Update: Full analysis and everything you need at my github https://github.com/mexindian/Musical-chord-progressions

The Hooktheory.com database contains analyses of over 5000 songs*. These analyses are uploaded by users and allow for all these songs to be analyzed in bulk, as well as individually. One of these ‘all song’ analyses enables users to gather chord progressions on ALL songs (see the analysis file to see how i did it, using the hooktheory API and R). This allowed us to  create a Sankey visualization of all chord progressions in the Hooktheory database.

Check it out!


(If you prefer the dynamic version where you can play with the data, have a look at the following link: Click here!).

Explaining the figure a little bit: What interests us here is the type of chords used, regardless of the song’s scale, so that 1->5->6 in the figure above includes songs in key of C major that have the chord progression C->G->Am and songs in the key of A major that have A->E->F#m (if the songs have the same Roman numerals and are in the same relative major.  In reality, the API blends songs into rough categories regardless of the song’s mode, so it’s impossible to know for sure what we’re dealing with).
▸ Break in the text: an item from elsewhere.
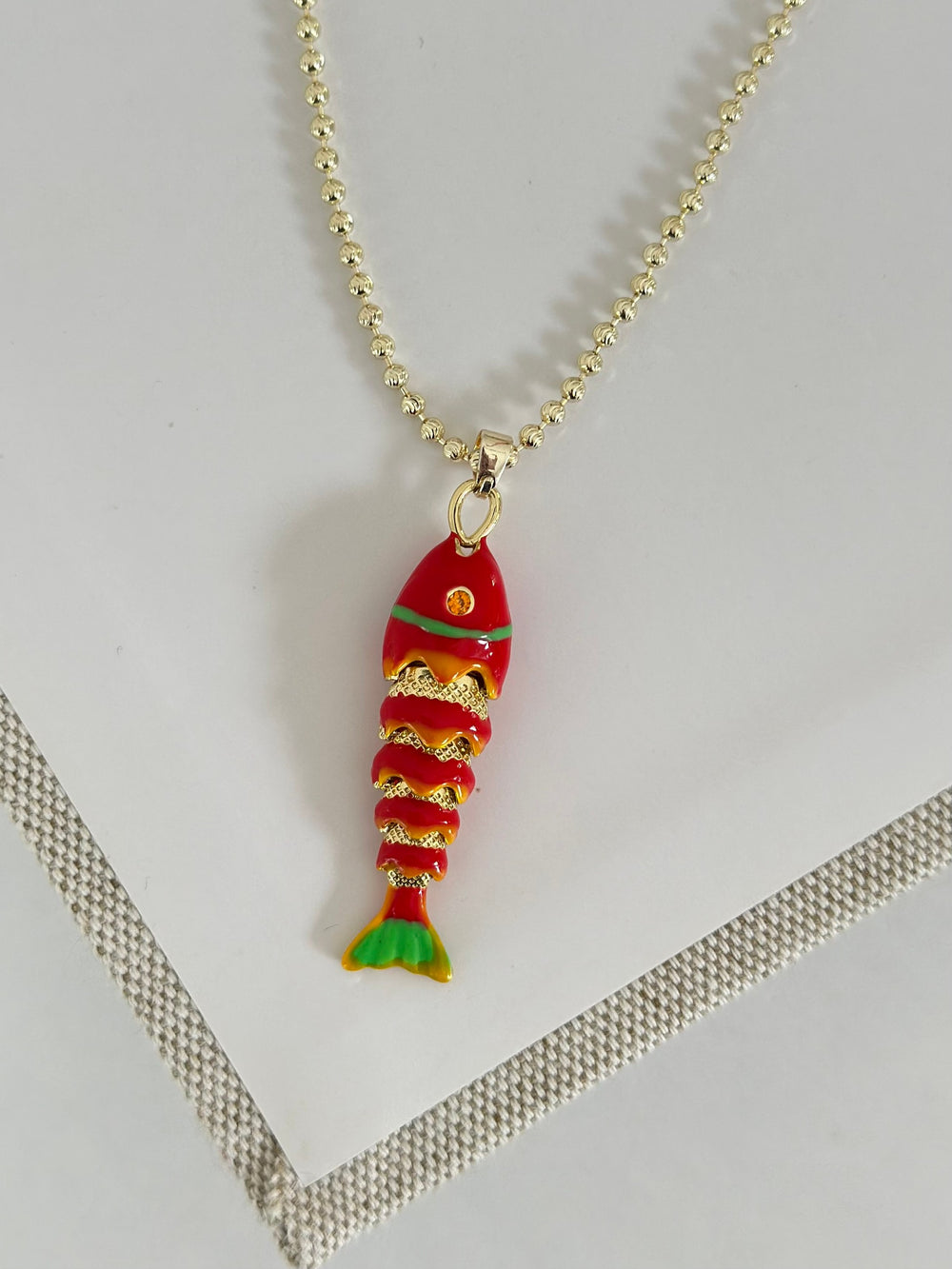 Kırmızı Gold Topçuk Zincir Balık Kolye

The chord progressions start from the left, and continue to the right. So for example, the transition 4->1->5->6 is one of the most popular ones… and is in fact present in 327 songs! Check em out!


In the API, chord probabilities are stated as a percent, such that the relative importance of each chord is known at each step (the normalization technique is not known). In their API, there were 29 chords available at the start of all progressions. For every subsequent transition, the number of chord options increases (which is expected), but for the purpose of this visualization, I only keep the original 29 chords for every transition for graphical purposes (I expect these 29 to be the most common anyway, so it’s not that much of a big deal). Also, since the thickness of the lines I’m plotting are in and of themselves probabilities, and the probability that you are on that chord is different, the “total thickness of each transition” isn’t the same. Very lazily, I just normalized all probabilities across each transition so that each transition “mega bar” is kind-of the same height. I’m sure there’s a better way to do it, the community is invited to improve!

My analysis is here, collaboration and/or remixing with attribution is welcome! (and if you improve the normalization method, please let me know and I’ll update this post).


Possible Legend (thanks to HertzDevil):

The numbers are as they are represented in the Trends search string, here in EBNF metasyntax:

(* Roman numerals *)

numeral = “1” | “2” | “3” | “4” | “5” | “6” | “7”;

(* Borrowed modes, from Dorian to Locrian *)

mode = “D” | “Y” | “L” | “M” | “b” | “C”;

(* Figured bass for triadic and seventh chords *)

inversion = “6” | “64” | “7” | “65” | “43” | “42”;

(* Functions available for applied chords *)

function = “4” | “5” | “7”;

(* Basic chords or borrowed chords in the relative Major key *)

simple-chord = [mode], numeral, [inversion];

(* Applied chords *)

applied-chord = function, [inversion], “/”, numeral;

(* Chord progressions for both the Trends page and the API *)

chord = simple-chord | applied-chord;

trends-progression = chord, {“.”, chord};

api-progression = chord, {“,”, chord};

Parting thoughts:


(thanks to Laure Belotti for editorial prowess)


EDIT: I’ve been getting great feedback on this post. Please check out the great conversations]4 and here. Giving credit where it’s due, turns out Axis of Evil wasn’t the first to talk about Chord-progression overusage, check out this dude. More credit where it’s due, turns out I wasn’t the first one to come up with this idea (great minds indeed…). And finally, I’m sure you nerds all checked out hooktheory, but take a look at these]8 resources also!


*EDIT2: Originally I was under the impression that the hooktheory database contained over 25000 songs… but a hooktheory admin clarified that in fact there’s just over 5000.